HOW TO COMPLETE THIS TASK: Using the line with "Fiche TechniqueInfinix Smart" as your starting point, transcribe it and each line beneath it word for word until the records run out, without pictures.

RECORDS FOR THE TASK:
++++++
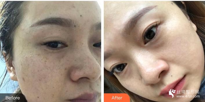 斑點(diǎn)已經(jīng)困了我好多年啦 現(xiàn)在終于鼓起勇氣來(lái)弄它們了。其實(shí)挺害怕的,但是一直因?yàn)槟樕嫌邪?,而且一年比一年?yán)重,心里真不是滋味。用過(guò)很多祛斑的產(chǎn)品,都沒(méi)有用。照了皮測(cè),醫(yī)生說(shuō)是混合性色素斑。今天剛做了一次,做的時(shí)候眼睛被罩住的,只感覺(jué)臉上刺刺熱熱的,然后做完交待了一些注意事項(xiàng),就輕松結(jié)束了?,F(xiàn)在還沒(méi)看出來(lái)果
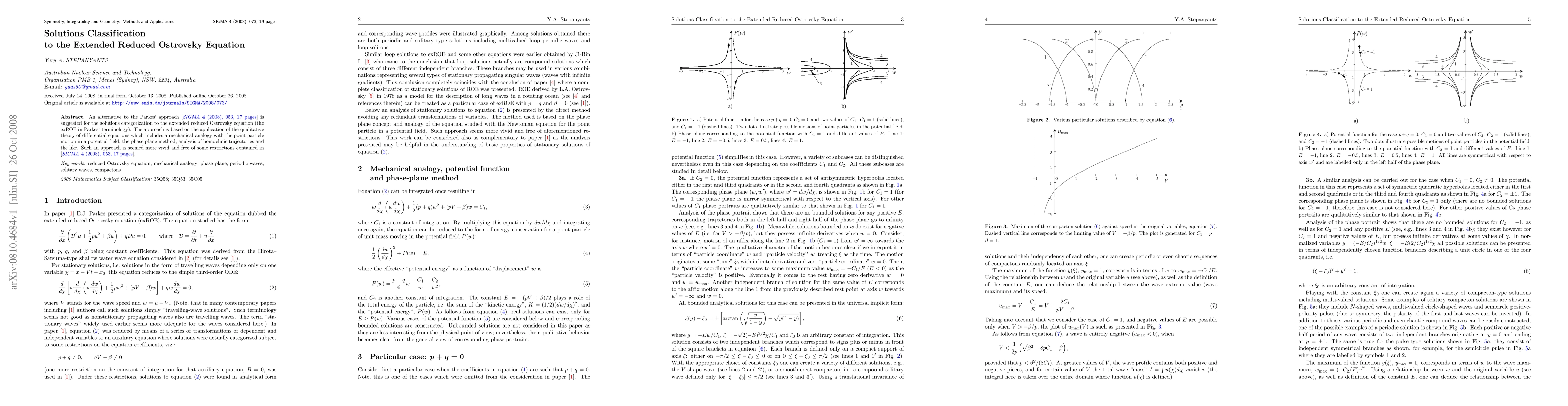 An alternative to the Parkes' approach [SIGMA 4 (2008) 053, arXiv:0806.3155] is suggested for the solutions categorization to the extended reduced Ostrovsky equation (the exROE in Parkes' terminology). The approach is based on the application of the qualitative theory of differential equations which includes a mechanical analogy with the point particle motion in a potential field, the phase plane method, analysis of homoclinic trajectories and the like. Such an approach is seemed more vivid and free of some restrictions contained in the above mentioned Parkes' paper.
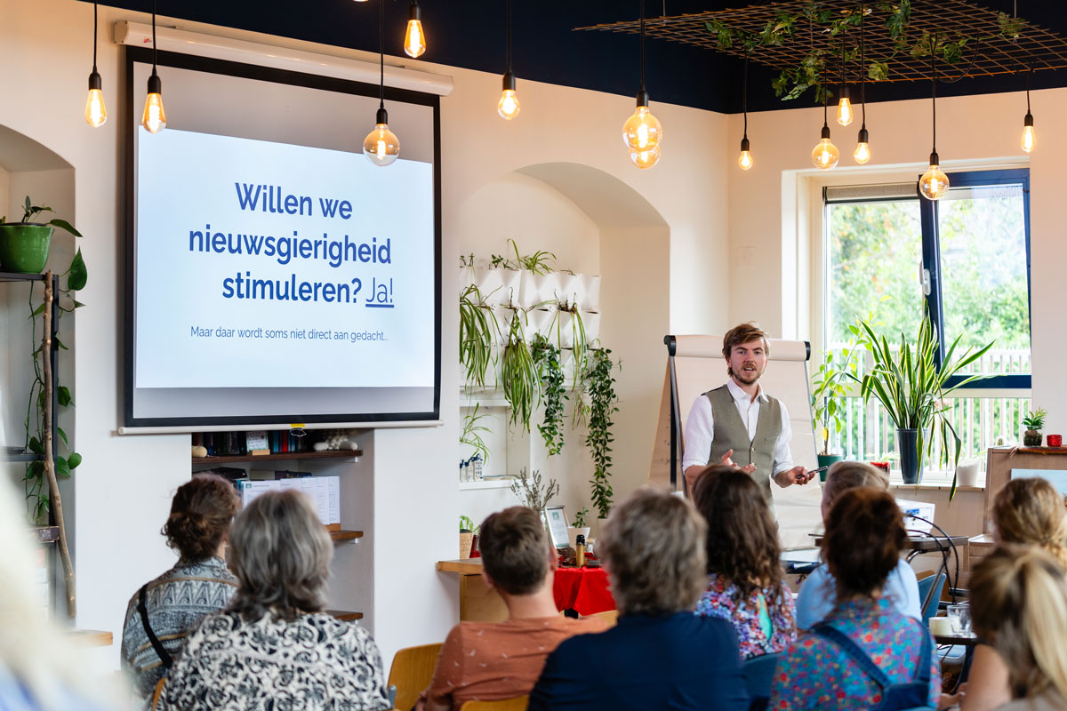 Wil je leerlingen écht betrokken krijgen bij je les? Ga dan op zoek naar hun natuurlijke nieuwsgierigheid. Tijdens zijn interactieve lezing ‘Samen nieuwsgierig’ deelde Jason Fredrick van Eunen zijn kennis over hoe nieuwsgierigheid werkt. En nog belangrijker: hoe je als docent de ontdek-knop van elke leerling kunt vinden.
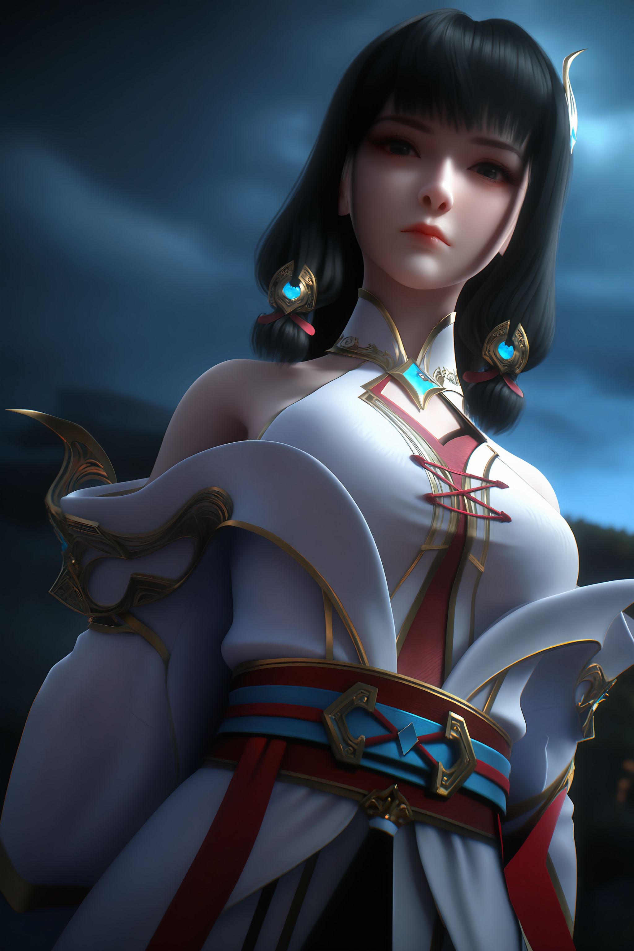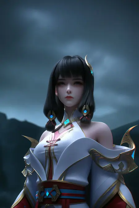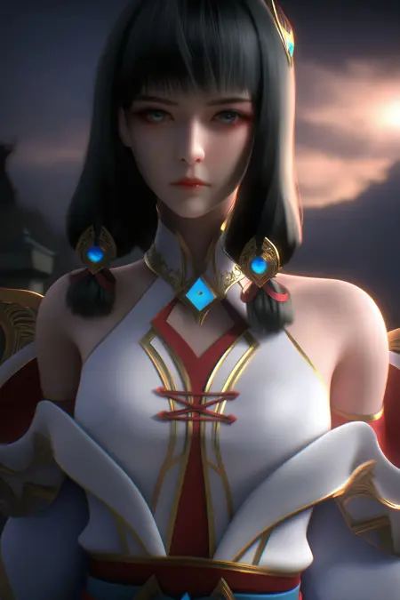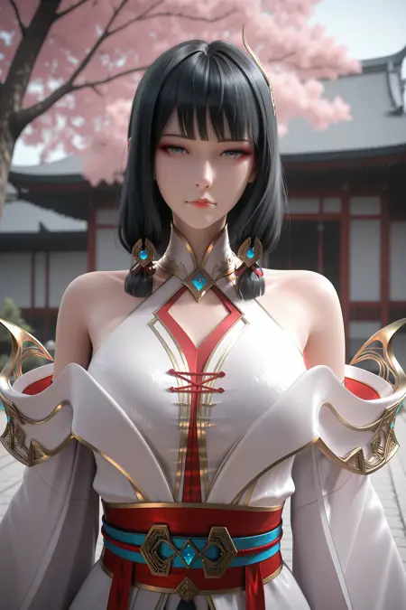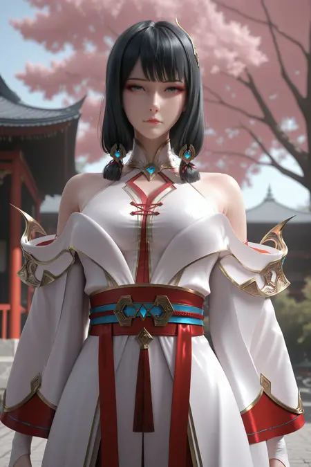 1girl, solo, black hair, hair ornament, bare shoulders, sash, closed mouth,
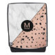 An ultra-stylish personalized backpack with a trendy rose gold pattern and black spots pattern combined white a marble pattern. A round black frame encircles your monogram and name. Edit the sample text with your desired text. This design is great for back to school, friends, family, students, and co-workers.
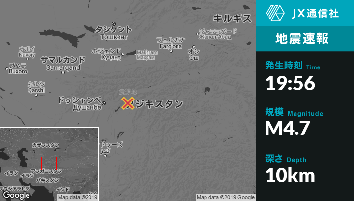 | 震源地 | タジキスタンのRoghunから南12kmの地点 |
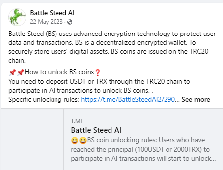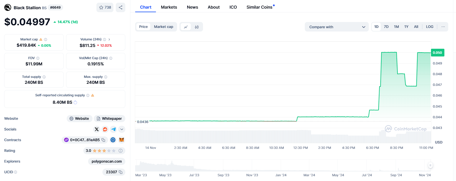 Помимо этого они используют дизайн официального крипто проекта Black Stallion, который действительно имеет свой токен BS, зарегистрированный на coinmarketcap. Однако по информации в сети, они не имеют никакой связи с ними.
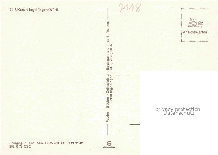 74054843 Ingelfingen Panorama Kurort postalisch nicht gelaufen Fliegeraufnahme Erhaltung siehe scans [FriedD77] KatCode: 11110008126039
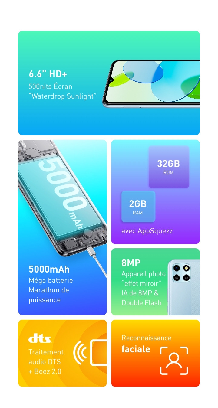 Fiche TechniqueInfinix Smart 6 HD (2GB+32GB)/Ecran 6.6”HD+/5000mAh/Force Black
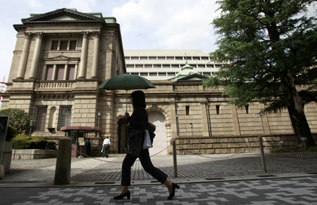 22日,日本央行在各分行行長季度會議上公布10月份季度性區(qū)域報告,下調(diào)了日本9個地區(qū)中8個地區(qū)的經(jīng)濟(jì)評估。日本央行行長白川方明在會議上表示,將通過穩(wěn)步擴(kuò)大資產(chǎn)購買計劃規(guī)模繼續(xù)放松貨幣政策。 圖為一行人經(jīng)過日本央行大樓。
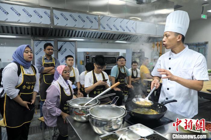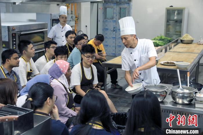 6月19日,四川成都,烹饪老师(右)给学生讲解川菜冷吃兔的烹饪方法。西南交通大学开设了一门饮食教育课程,课程共计32个课时,教授学生们烹饪理论及水煮鱼片、冷吃兔等12道经典川菜的烹饪方法,吸引了一些外国留学生参加学习。 中新社记者王磊摄
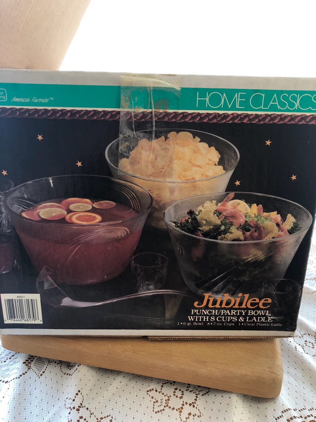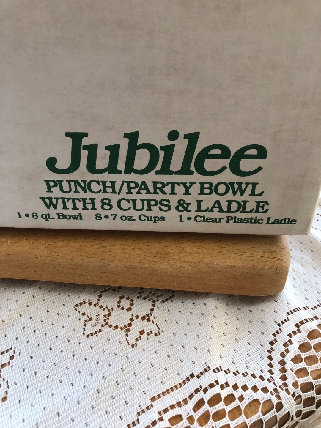 Selling a Jubilee punch/party bowl set! It includes 1 6 qt bowl, 8 7 oz cups, and 1 clear plastic ladle. Perfect for your next gathering or celebration
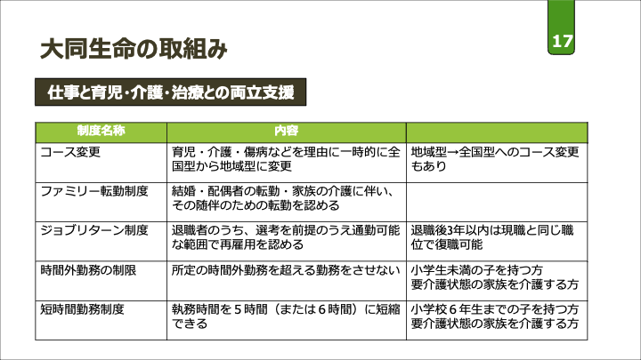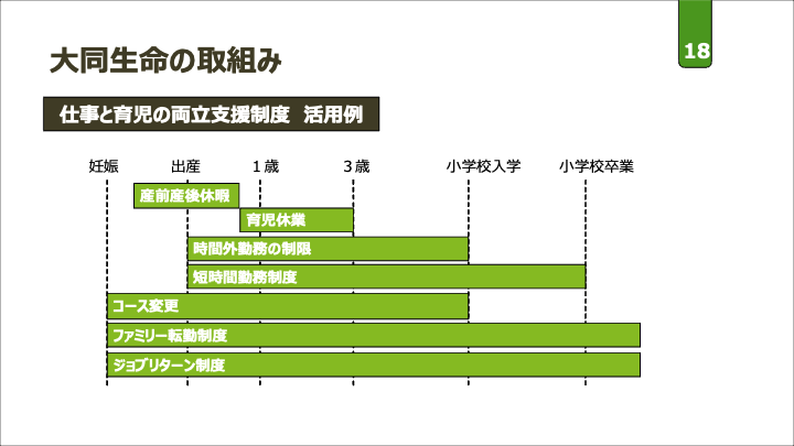 図表17は両立支援制度の活用例としまして、仕事と育児の両立支援を例としてグラフにまとめております。この中でも、例えば育児休業ですが、法令上はお子さんが1歳までを対象としております。ただし、法以上の対応として、大同生命では3歳までを対象としております。このような制度を利用しながら、仕事と育児を両立されている方がどんどん増えてきており、最近では短時間勤務制度を利用しながら、係長として部下の育成をしながら業務をされている方も増えてきております。
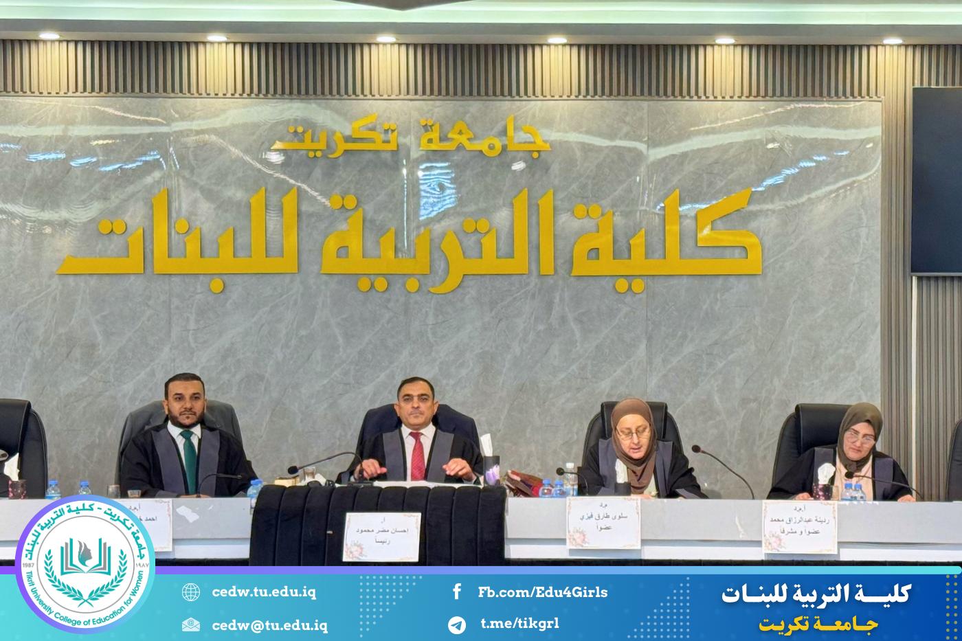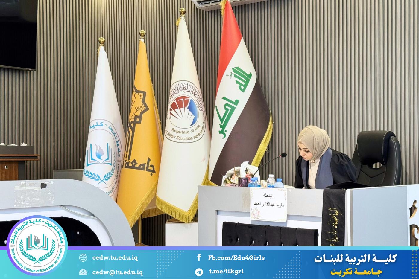 نوقشت في كلية التربية للبنات – قسم اللغة الإنكليزية، اليوم الثلاثاء الموافق 26 / 8 / 2025، على قاعة المرحوم الأستاذ الدكتور جايد زيدان في عمادة الكلية، رسالة الماجستير المقدمة من الطالبة ماريا عبدالقادر أحمد، والموسومة:
++++++
SOLUTION TO THIS TASK:
 Fiche TechniqueInfinix Smart 6 HD (2GB+32GB)/Ecran 6.6”HD+/5000mAh/Force Black
 22日,日本央行在各分行行長季度會議上公布10月份季度性區(qū)域報告,下調(diào)了日本9個地區(qū)中8個地區(qū)的經(jīng)濟(jì)評估。日本央行行長白川方明在會議上表示,將通過穩(wěn)步擴(kuò)大資產(chǎn)購買計劃規(guī)模繼續(xù)放松貨幣政策。 圖為一行人經(jīng)過日本央行大樓。
 6月19日,四川成都,烹饪老师(右)给学生讲解川菜冷吃兔的烹饪方法。西南交通大学开设了一门饮食教育课程,课程共计32个课时,教授学生们烹饪理论及水煮鱼片、冷吃兔等12道经典川菜的烹饪方法,吸引了一些外国留学生参加学习。 中新社记者王磊摄
 Selling a Jubilee punch/party bowl set! It includes 1 6 qt bowl, 8 7 oz cups, and 1 clear plastic ladle. Perfect for your next gathering or celebration
 図表17は両立支援制度の活用例としまして、仕事と育児の両立支援を例としてグラフにまとめております。この中でも、例えば育児休業ですが、法令上はお子さんが1歳までを対象としております。ただし、法以上の対応として、大同生命では3歳までを対象としております。このような制度を利用しながら、仕事と育児を両立されている方がどんどん増えてきており、最近では短時間勤務制度を利用しながら、係長として部下の育成をしながら業務をされている方も増えてきております。
 نوقشت في كلية التربية للبنات – قسم اللغة الإنكليزية، اليوم الثلاثاء الموافق 26 / 8 / 2025، على قاعة المرحوم الأستاذ الدكتور جايد زيدان في عمادة الكلية، رسالة الماجستير المقدمة من الطالبة ماريا عبدالقادر أحمد، والموسومة:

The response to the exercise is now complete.